Portée et conséquences de la cassation
10. Le moyen, pris en ses cinq branches, ne critique que les chefs du dispositif rejetant la demande de dommages et intérêts de M. [V] fondée sur le manquement reproché à la banque prêteuse à son obligation de conseil sur la souscription d'assurance et ne comporte aucun grief sur le chef du dispositif condamnant M. [V] à payer diverses sommes à la banque au titre des prêts impayés.
11. Il s'en déduit que la cassation porte uniquement sur le chef du dispositif qui, confirmant le jugement, déboute M. [V] de son action en responsabilité à l'encontre de la banque sur le manquement à son obligation de conseil quant à l'adhésion aux assurances facultatives.

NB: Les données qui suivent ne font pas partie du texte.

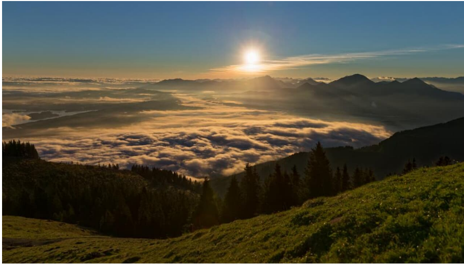
Meditationsweg Ammergauer Alpen - am hinteren Hörnle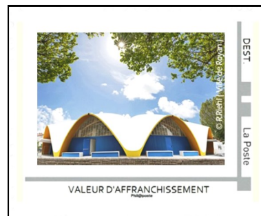
Le Marché central de Royan Projet du timbre en émission limitée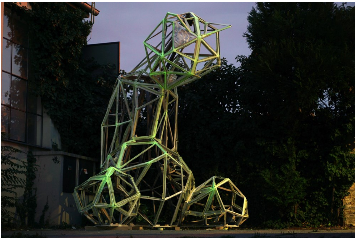
Obrázek 26 – fosforový nátěr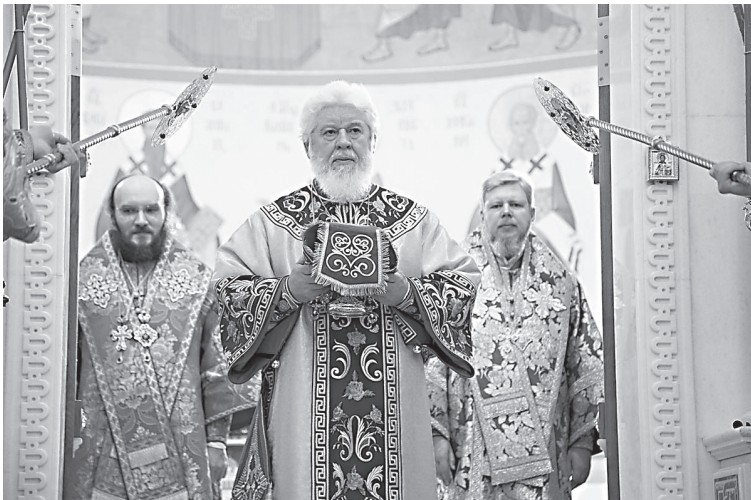
Во время праздничной Божественной литургии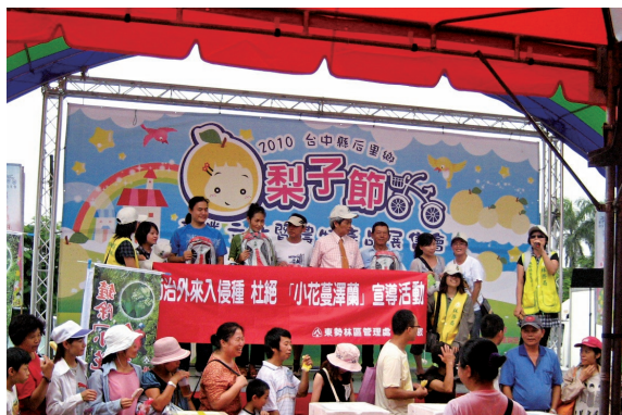
▲東勢林區管理處7月24、25日，配合后里鄉公所梨子產業行銷活動，宣導剷除林木綠癌—小花蔓澤蘭及拒絕嚼檳榔。

林務局東勢林區管理處99年7月24、25日，配合后里鄉公所梨子產業行銷活動，宣導剷除林木綠癌—小花蔓澤蘭及拒絕嚼檳榔，讓后里鄉親及遊客數百人，一起來為保護地球、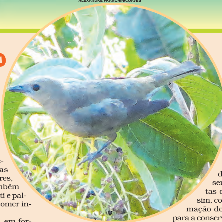
Esse pássaro verde gosta muito de ficar nas palmeiras

Constrói seu ninho, em formato de taça, escondido na folhagem ou nas bainhas das folhas das palmeiras, utilizando folhas secas e fibras vegetais, o que é feito pelo casal. A fêmea põe dois ovos brancos ou cremes com manchas escuras, que le-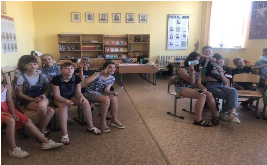
Занятие в Финансовой школе . Интеллектуальное шоу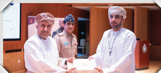
المؤتمر الدولي للهندسة المتقدمة والعلوم والتكنولوجيا The International Conference on Engineering Advancements, Science, and Technology (ICEAST)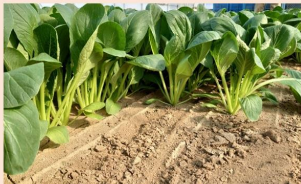
ジャミ少なく秀品率高い

PAR CES MOTIFS, et sans qu'il y ait lieu de statuer sur les autres griefs, la Cour :
CASSE ET ANNULE, mais seulement en ce que, confirmant le jugement, il rejette la demande de dommages et intérêts de M. [V] fondée sur un manquement de la société Caisse régionale de crédit agricole mutuel de Normandie à son obligation d'information et de conseil quant à la souscription d'une assurance, l'arrêt rendu le 23 juin 2022, entre les parties, par la cour d'appel de Caen ;
Remet, sur ce point, l'affaire et les parties dans l'état où elles se trouvaient avant cet arrêt et les renvoie devant la cour d'appel de Rouen ;
Condamne la société Caisse régionale de crédit agricole mutuel de Normandie aux dépens ;
En application de l'article 700 du code de procédure civile, rejette la demande formée par la société Caisse régionale de crédit agricole mutuel de Normandie et la condamne à payer à M. [V] la somme de 3 000 euros ;
Dit que sur les diligences du procureur général près la Cour de cassation, le présent arrêt sera transmis pour être transcrit en marge ou à la suite de l'arrêt partiellement cassé ;
Ainsi fait et jugé par la Cour de cassation, chambre commerciale, financière et économique, et prononcé par le président en son audience publique du deux mai deux mille vingt-quatre.